What you will do
After locating the line that holds "Para mantener el", copy that line and all that follow it word for word through the end of the data, with no pictures.

Dataset section

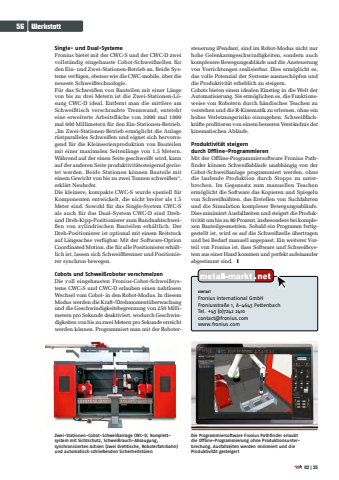 KONTAKTFronius International GmbHFroniusstra%u00dfe 1, A-4643 PettenbachTel. +43 (0)7242 2410contact@fronius.comwww.fronius.com56Werkstatt03|25Single- und Dual-Systeme Fronius bietet mit der CWC-S und der CWC-D zwei vollst%u00e4ndig eingehauste Cobot-Schwei%u00dfzellen f%u00fcr den Ein- und Zwei-Stationen-Betrieb an. Beide Systeme verf%u00fcgen, ebenso wie die CWC-mobile, %u00fcber die neueste Schwei%u00dftechnologie.F%u00fcr das Schwei%u00dfen von Bauteilen mit einer L%u00e4nge von bis zu drei Metern ist die Zwei-Stationen-L%u00f6sung CWC-D ideal. Entfernt man die mittlere am Schwei%u00dftisch verschraubte Trennwand, entsteht eine erweiterte Arbeitsfl%u00e4che von 3000 mal 1000 mal 600 Millimetern f%u00fcr den Ein-Stationen-Betrieb. %u201eIm Zwei-Stationen-Betrieb erm%u00f6glicht die Anlage r%u00fcstparalleles Schwei%u00dfen und eignet sich hervorragend f%u00fcr die Kleinserienproduktion von Bauteilen mit einer maximalen Seitenl%u00e4nge von 1,5 Metern. W%u00e4hrend auf der einen Seite geschwei%u00dft wird, kann auf der anderen Seite produktivit%u00e4tssteigernd ger%u00fcstet werden. Beide Stationen k%u00f6nnen Bauteile mit einem Gewicht von bis zu zwei Tonnen schwei%u00dfen%u201c, erkl%u00e4rt Neuhofer.Die kleinere, kompakte CWC-S wurde speziell f%u00fcr Komponenten entwickelt, die nicht breiter als 1,5 Meter sind. Sowohl f%u00fcr das Single-System CWC-S als auch f%u00fcr das Dual-System CWC-D sind Drehund Dreh-Kipp-Positionierer zum Rundnahtschwei%u00dfen von zylindrischen Bauteilen erh%u00e4ltlich. Der Dreh-Positionierer ist optional mit einem Reitstock auf L%u00e4ngsachse verf%u00fcgbar. Mit der Software-Option Coordinated Motion, die f%u00fcr alle Positionierer erh%u00e4ltlich ist, lassen sich Schwei%u00dfbrenner und Positionierer synchron bewegen. Cobots und Schwei%u00dfroboter verschmelzenDie voll eingehausten Fronius-Cobot-Schwei%u00dfsysteme CWC-S und CWC-D erlauben einen nahtlosen Wechsel vom Cobot- in den Robot-Modus. In diesem Modus werden die Kraft-/Drehmoment%u00fcberwachung und die Geschwindigkeitsbegrenzung von 250 Millimetern pro Sekunde deaktiviert, wodurch Geschwindigkeiten von bis zu zwei Metern pro Sekunde erreicht werden k%u00f6nnen. Programmiert man mit der Robotersteuerung iPendant, sind im Robot-Modus nicht nur hohe Gelenkarmgeschwindigkeiten, sondern auch komplexere Bewegungsabl%u00e4ufe und die Ansteuerung von Vorrichtungen realisierbar. Dies erm%u00f6glicht es, das volle Potenzial der Systeme auszusch%u00f6pfen und die Produktivit%u00e4t erheblich zu steigern.Cobots bieten einen idealen Einstieg in die Welt der Automatisierung. Sie erm%u00f6glichen es, die Funktionsweise von Robotern durch h%u00e4ndisches Teachen zu verstehen und die R-Kinematik zu erlernen, ohne ein hohes Verletzungsrisiko einzugehen. Schwei%u00dffachkr%u00e4fte profitieren von einem besseren Verst%u00e4ndnis der kinematischen Abl%u00e4ufe.Produktivit%u00e4t steigern durch Offline-ProgrammierenMit der Offline-Programmiersoftware Fronius Pathfinder k%u00f6nnen Schwei%u00dfabl%u00e4ufe unabh%u00e4ngig von der Cobot-Schwei%u00dfanlage programmiert werden, ohne die laufende Produktion durch Stopps zu unterbrechen. Im Gegensatz zum manuellen Teachen erm%u00f6glicht die Software das Kopieren und Spiegeln von Schwei%u00dfn%u00e4hten, das Erstellen von Suchfahrten und die Simulation komplexer Bewegungsabl%u00e4ufe. Dies minimiert Ausfallzeiten und steigert die Produktivit%u00e4t um bis zu 80 Prozent, insbesondere bei komplexen Bauteilgeometrien. Sobald ein Programm fertiggestellt ist, wird es auf die Schwei%u00dfzelle %u00fcbertragen und bei Bedarf manuell angepasst. Ein weiterer Vorteil von Fronius ist, dass Software und Schwei%u00dfsystem aus einer Hand kommen und perfekt aufeinander abgestimmt sind. yZwei-Stationen-Cobot-Schwei%u00dfanlage CWC-D; Komplettsystem mit Sichtschutz, Schwei%u00dfrauch-Absaugung, synchronisierten Achsen (zwei Drehtische, Roboterfahrbahn) und automatisch schlie%u00dfenden Sicherheitst%u00fcrenDie Programmiersoftware Fronius Pathfinder erlaubt die Offline-Programmierung ohne Produktionsunterbrechung. Ausfallzeiten werden minimiert und die Produktivit%u00e4t gesteigert
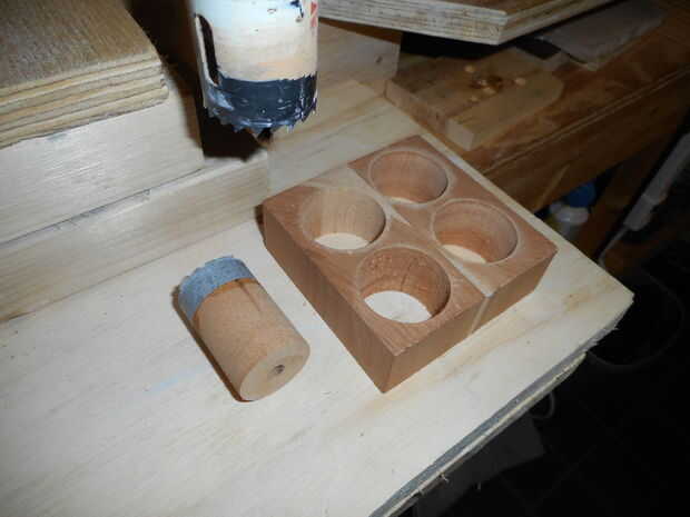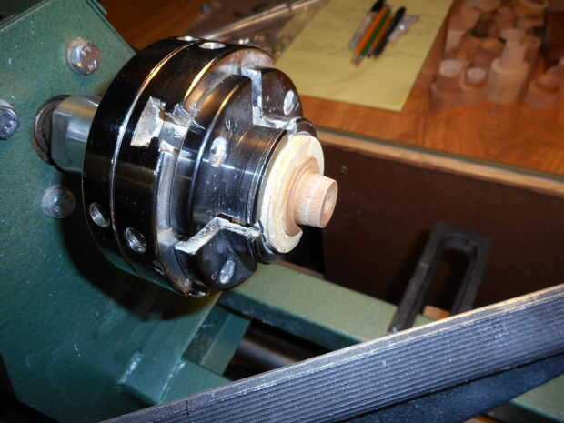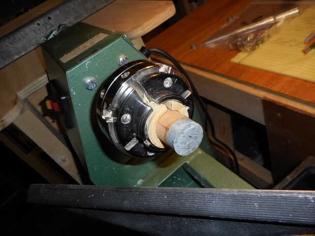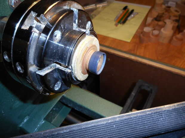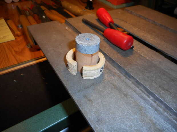 Para mantener el espacio en blanco en el rollo chuck que utilizar dos piezas de madera contrachapada que se cortaron con un agujero más grande Sierra. Una vez adentro tamaño del anillo se corta el anillo de parte del bloque de pegamento (con una herramienta de despedida hecho en casa $2), pero deja el bloque de pegamento en el rollo de chuck. La izquierda bloque de pegamento encima y restante se forma un poco para sostener el anillo para el ajuste y acabado.
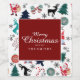 Esta etiqueta de vinho de Natal mostra Papai Noel, Reindeer, Pinheiros, Mittens, e flocos de neve em um fundo branco. A tipografia "Feliz Natal" está em branco. Você pode personalizar a saudação e o nome.
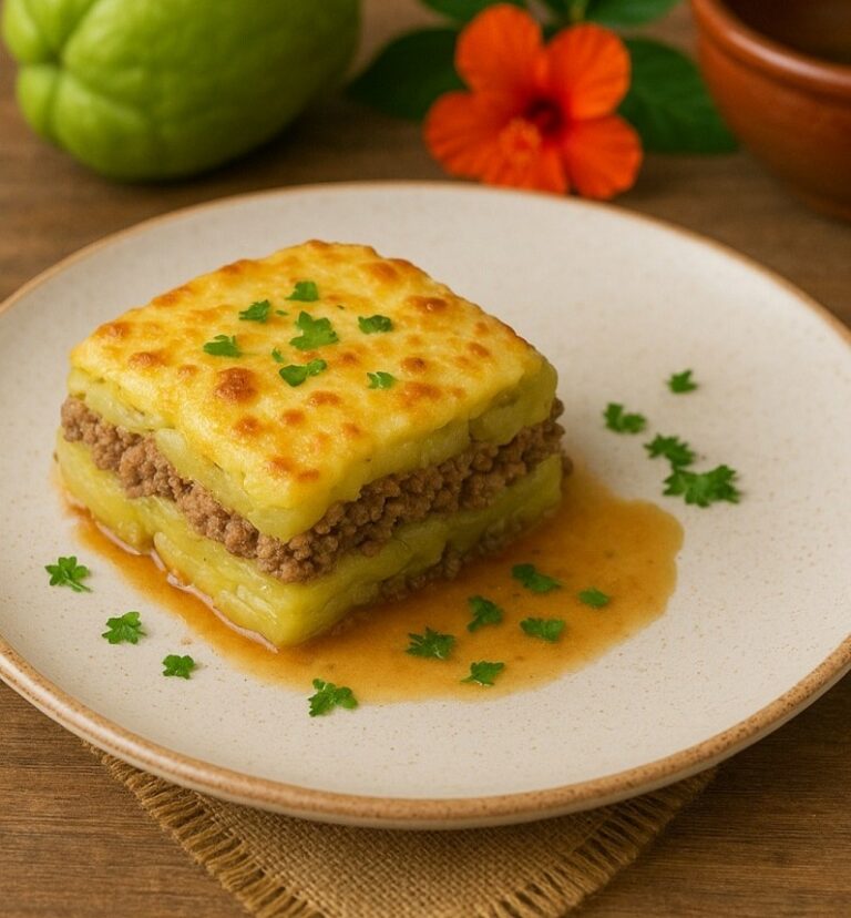 GRATIN DE CHAYOTES ET POMMES DE TERRE AU HACHIS DE BOEUF ET PORC

Written solution
 Para mantener el espacio en blanco en el rollo chuck que utilizar dos piezas de madera contrachapada que se cortaron con un agujero más grande Sierra. Una vez adentro tamaño del anillo se corta el anillo de parte del bloque de pegamento (con una herramienta de despedida hecho en casa $2), pero deja el bloque de pegamento en el rollo de chuck. La izquierda bloque de pegamento encima y restante se forma un poco para sostener el anillo para el ajuste y acabado.
 Esta etiqueta de vinho de Natal mostra Papai Noel, Reindeer, Pinheiros, Mittens, e flocos de neve em um fundo branco. A tipografia "Feliz Natal" está em branco. Você pode personalizar a saudação e o nome.
 GRATIN DE CHAYOTES ET POMMES DE TERRE AU HACHIS DE BOEUF ET PORC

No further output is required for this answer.